------ Records supplied

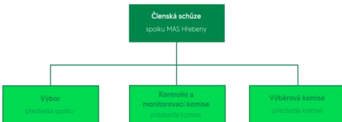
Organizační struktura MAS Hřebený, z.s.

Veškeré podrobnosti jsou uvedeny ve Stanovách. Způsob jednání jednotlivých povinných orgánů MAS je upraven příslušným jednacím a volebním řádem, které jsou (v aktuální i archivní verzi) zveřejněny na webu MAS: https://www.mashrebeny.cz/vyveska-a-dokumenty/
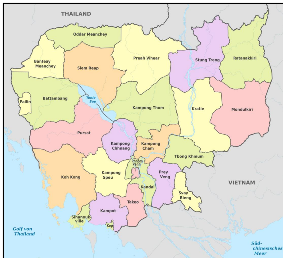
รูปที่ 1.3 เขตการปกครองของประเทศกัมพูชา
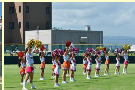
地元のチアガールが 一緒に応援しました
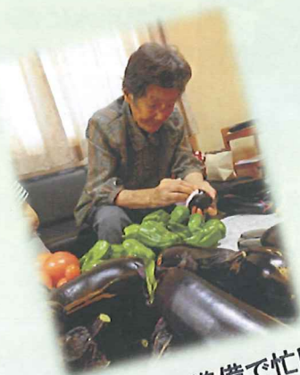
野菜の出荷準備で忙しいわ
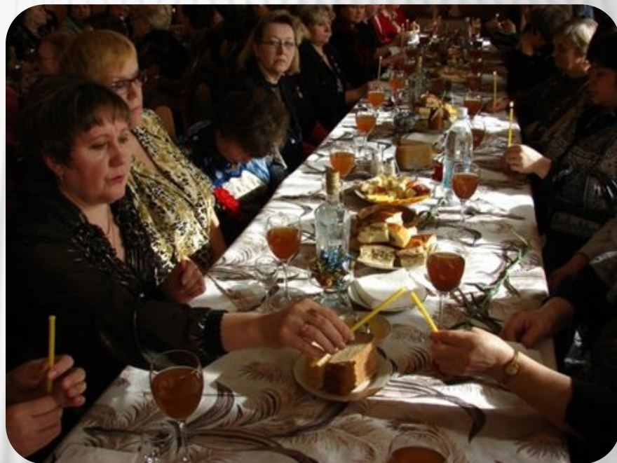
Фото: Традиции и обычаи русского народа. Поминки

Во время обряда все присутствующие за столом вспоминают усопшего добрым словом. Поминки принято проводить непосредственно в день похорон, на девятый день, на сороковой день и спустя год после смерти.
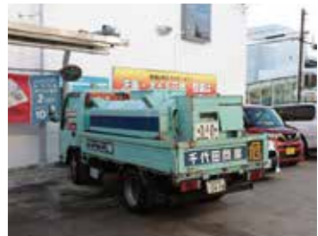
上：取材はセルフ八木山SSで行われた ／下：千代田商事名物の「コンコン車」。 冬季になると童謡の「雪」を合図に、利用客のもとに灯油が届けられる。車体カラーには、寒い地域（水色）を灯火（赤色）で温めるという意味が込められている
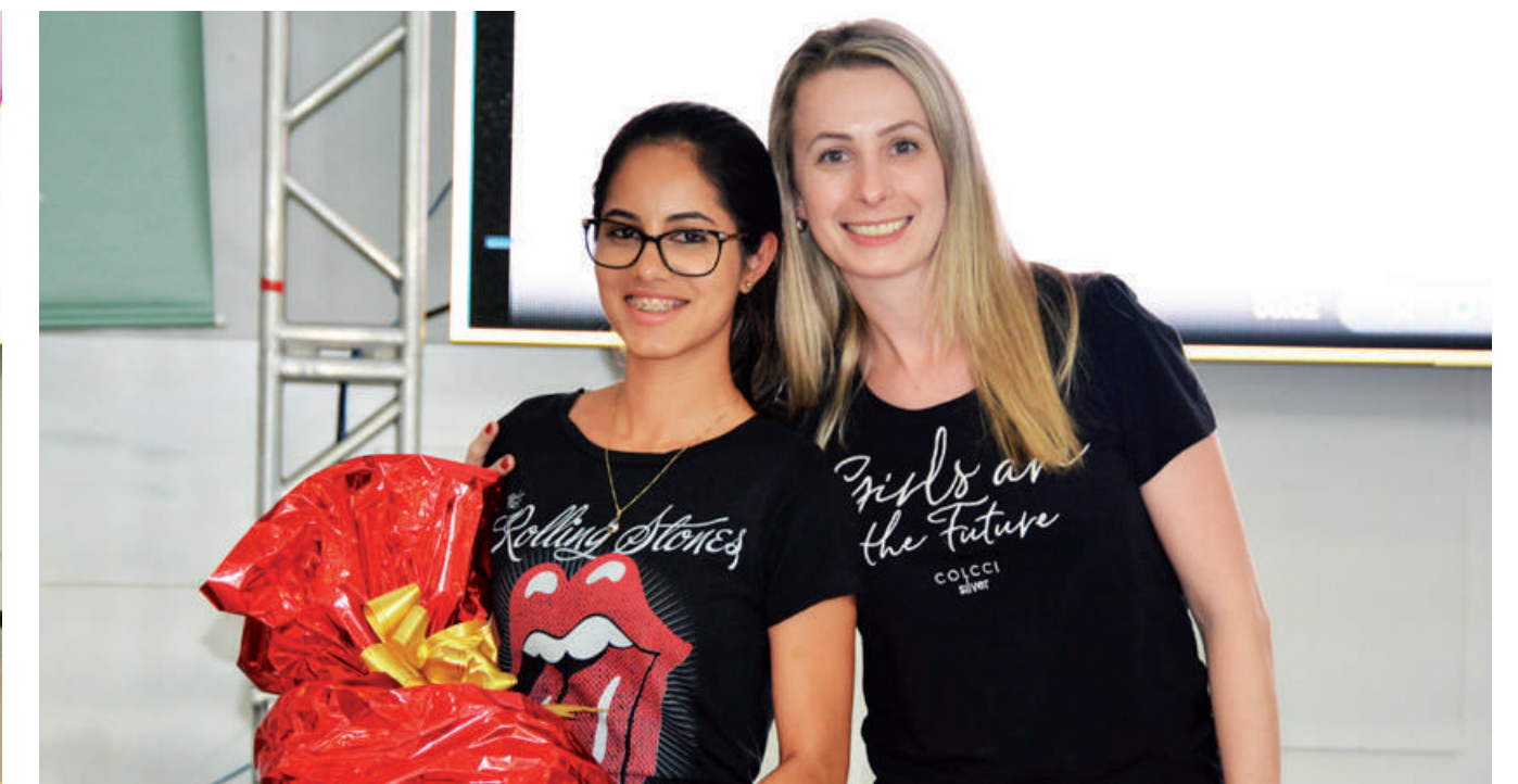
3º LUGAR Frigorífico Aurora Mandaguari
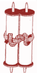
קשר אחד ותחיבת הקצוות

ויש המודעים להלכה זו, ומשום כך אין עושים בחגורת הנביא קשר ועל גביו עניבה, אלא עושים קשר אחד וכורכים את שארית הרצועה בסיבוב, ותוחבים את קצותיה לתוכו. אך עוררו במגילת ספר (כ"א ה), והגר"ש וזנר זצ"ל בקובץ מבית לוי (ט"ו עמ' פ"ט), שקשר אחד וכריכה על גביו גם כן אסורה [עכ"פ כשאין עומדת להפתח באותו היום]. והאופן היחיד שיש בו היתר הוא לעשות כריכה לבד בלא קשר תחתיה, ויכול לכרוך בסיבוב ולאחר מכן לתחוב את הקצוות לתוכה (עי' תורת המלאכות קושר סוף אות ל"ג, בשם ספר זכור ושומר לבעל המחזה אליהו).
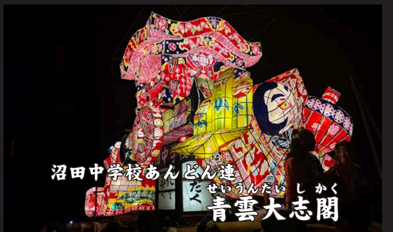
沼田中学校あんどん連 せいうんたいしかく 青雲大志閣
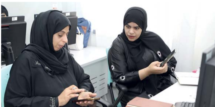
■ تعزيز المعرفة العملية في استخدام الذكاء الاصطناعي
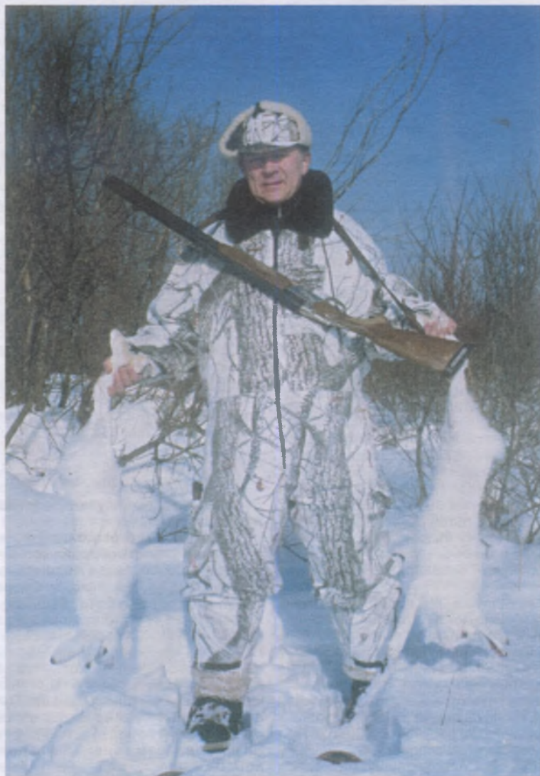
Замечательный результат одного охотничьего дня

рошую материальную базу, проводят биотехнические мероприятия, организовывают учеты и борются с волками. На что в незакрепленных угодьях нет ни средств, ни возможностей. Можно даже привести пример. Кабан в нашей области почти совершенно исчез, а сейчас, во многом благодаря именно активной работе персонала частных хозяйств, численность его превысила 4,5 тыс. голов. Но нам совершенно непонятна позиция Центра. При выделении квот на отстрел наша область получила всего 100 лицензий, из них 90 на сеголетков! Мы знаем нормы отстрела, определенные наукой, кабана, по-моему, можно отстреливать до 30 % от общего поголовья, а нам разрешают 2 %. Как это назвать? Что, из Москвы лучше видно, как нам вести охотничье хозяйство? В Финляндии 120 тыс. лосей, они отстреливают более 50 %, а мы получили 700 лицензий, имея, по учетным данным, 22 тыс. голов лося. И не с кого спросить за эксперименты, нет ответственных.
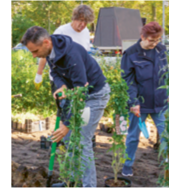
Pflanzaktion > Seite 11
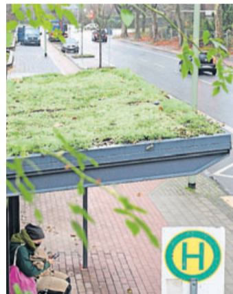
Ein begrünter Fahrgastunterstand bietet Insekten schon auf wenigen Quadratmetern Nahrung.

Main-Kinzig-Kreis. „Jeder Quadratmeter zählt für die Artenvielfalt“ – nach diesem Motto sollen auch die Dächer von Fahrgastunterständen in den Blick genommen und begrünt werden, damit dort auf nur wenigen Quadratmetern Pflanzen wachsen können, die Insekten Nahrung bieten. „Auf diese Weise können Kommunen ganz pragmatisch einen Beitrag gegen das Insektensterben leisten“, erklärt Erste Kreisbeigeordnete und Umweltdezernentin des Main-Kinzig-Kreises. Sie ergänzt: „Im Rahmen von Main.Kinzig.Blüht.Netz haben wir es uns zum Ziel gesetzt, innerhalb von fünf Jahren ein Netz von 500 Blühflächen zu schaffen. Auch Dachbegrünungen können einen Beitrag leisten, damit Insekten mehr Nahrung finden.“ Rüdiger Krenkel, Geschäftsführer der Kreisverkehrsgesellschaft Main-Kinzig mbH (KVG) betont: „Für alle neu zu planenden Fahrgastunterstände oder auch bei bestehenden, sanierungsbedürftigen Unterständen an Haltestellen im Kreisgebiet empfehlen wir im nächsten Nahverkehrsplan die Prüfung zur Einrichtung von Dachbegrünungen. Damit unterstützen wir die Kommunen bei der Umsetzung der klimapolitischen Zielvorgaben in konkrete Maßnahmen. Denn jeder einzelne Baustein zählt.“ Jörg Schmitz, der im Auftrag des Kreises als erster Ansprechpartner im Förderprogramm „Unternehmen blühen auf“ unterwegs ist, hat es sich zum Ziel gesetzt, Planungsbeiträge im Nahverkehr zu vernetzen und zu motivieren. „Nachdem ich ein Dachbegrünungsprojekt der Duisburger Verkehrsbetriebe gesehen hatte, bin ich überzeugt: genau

------------

Goal of the exercise: Only the pictures are left behind; write out everything else in the records exactly.

Answer section:
Organizační struktura MAS Hřebený, z.s.

Veškeré podrobnosti jsou uvedeny ve Stanovách. Způsob jednání jednotlivých povinných orgánů MAS je upraven příslušným jednacím a volebním řádem, které jsou (v aktuální i archivní verzi) zveřejněny na webu MAS: https://www.mashrebeny.cz/vyveska-a-dokumenty/
รูปที่ 1.3 เขตการปกครองของประเทศกัมพูชา
地元のチアガールが 一緒に応援しました
野菜の出荷準備で忙しいわ
Фото: Традиции и обычаи русского народа. Поминки

Во время обряда все присутствующие за столом вспоминают усопшего добрым словом. Поминки принято проводить непосредственно в день похорон, на девятый день, на сороковой день и спустя год после смерти.
上：取材はセルフ八木山SSで行われた ／下：千代田商事名物の「コンコン車」。 冬季になると童謡の「雪」を合図に、利用客のもとに灯油が届けられる。車体カラーには、寒い地域（水色）を灯火（赤色）で温めるという意味が込められている
3º LUGAR Frigorífico Aurora Mandaguari
קשר אחד ותחיבת הקצוות

ויש המודעים להלכה זו, ומשום כך אין עושים בחגורת הנביא קשר ועל גביו עניבה, אלא עושים קשר אחד וכורכים את שארית הרצועה בסיבוב, ותוחבים את קצותיה לתוכו. אך עוררו במגילת ספר (כ"א ה), והגר"ש וזנר זצ"ל בקובץ מבית לוי (ט"ו עמ' פ"ט), שקשר אחד וכריכה על גביו גם כן אסורה [עכ"פ כשאין עומדת להפתח באותו היום]. והאופן היחיד שיש בו היתר הוא לעשות כריכה לבד בלא קשר תחתיה, ויכול לכרוך בסיבוב ולאחר מכן לתחוב את הקצוות לתוכה (עי' תורת המלאכות קושר סוף אות ל"ג, בשם ספר זכור ושומר לבעל המחזה אליהו).
沼田中学校あんどん連 せいうんたいしかく 青雲大志閣
■ تعزيز المعرفة العملية في استخدام الذكاء الاصطناعي
Замечательный результат одного охотничьего дня

рошую материальную базу, проводят биотехнические мероприятия, организовывают учеты и борются с волками. На что в незакрепленных угодьях нет ни средств, ни возможностей. Можно даже привести пример. Кабан в нашей области почти совершенно исчез, а сейчас, во многом благодаря именно активной работе персонала частных хозяйств, численность его превысила 4,5 тыс. голов. Но нам совершенно непонятна позиция Центра. При выделении квот на отстрел наша область получила всего 100 лицензий, из них 90 на сеголетков! Мы знаем нормы отстрела, определенные наукой, кабана, по-моему, можно отстреливать до 30 % от общего поголовья, а нам разрешают 2 %. Как это назвать? Что, из Москвы лучше видно, как нам вести охотничье хозяйство? В Финляндии 120 тыс. лосей, они отстреливают более 50 %, а мы получили 700 лицензий, имея, по учетным данным, 22 тыс. голов лося. И не с кого спросить за эксперименты, нет ответственных.
Pflanzaktion > Seite 11
Ein begrünter Fahrgastunterstand bietet Insekten schon auf wenigen Quadratmetern Nahrung.

Main-Kinzig-Kreis. „Jeder Quadratmeter zählt für die Artenvielfalt“ – nach diesem Motto sollen auch die Dächer von Fahrgastunterständen in den Blick genommen und begrünt werden, damit dort auf nur wenigen Quadratmetern Pflanzen wachsen können, die Insekten Nahrung bieten. „Auf diese Weise können Kommunen ganz pragmatisch einen Beitrag gegen das Insektensterben leisten“, erklärt Erste Kreisbeigeordnete und Umweltdezernentin des Main-Kinzig-Kreises. Sie ergänzt: „Im Rahmen von Main.Kinzig.Blüht.Netz haben wir es uns zum Ziel gesetzt, innerhalb von fünf Jahren ein Netz von 500 Blühflächen zu schaffen. Auch Dachbegrünungen können einen Beitrag leisten, damit Insekten mehr Nahrung finden.“ Rüdiger Krenkel, Geschäftsführer der Kreisverkehrsgesellschaft Main-Kinzig mbH (KVG) betont: „Für alle neu zu planenden Fahrgastunterstände oder auch bei bestehenden, sanierungsbedürftigen Unterständen an Haltestellen im Kreisgebiet empfehlen wir im nächsten Nahverkehrsplan die Prüfung zur Einrichtung von Dachbegrünungen. Damit unterstützen wir die Kommunen bei der Umsetzung der klimapolitischen Zielvorgaben in konkrete Maßnahmen. Denn jeder einzelne Baustein zählt.“ Jörg Schmitz, der im Auftrag des Kreises als erster Ansprechpartner im Förderprogramm „Unternehmen blühen auf“ unterwegs ist, hat es sich zum Ziel gesetzt, Planungsbeiträge im Nahverkehr zu vernetzen und zu motivieren. „Nachdem ich ein Dachbegrünungsprojekt der Duisburger Verkehrsbetriebe gesehen hatte, bin ich überzeugt: genau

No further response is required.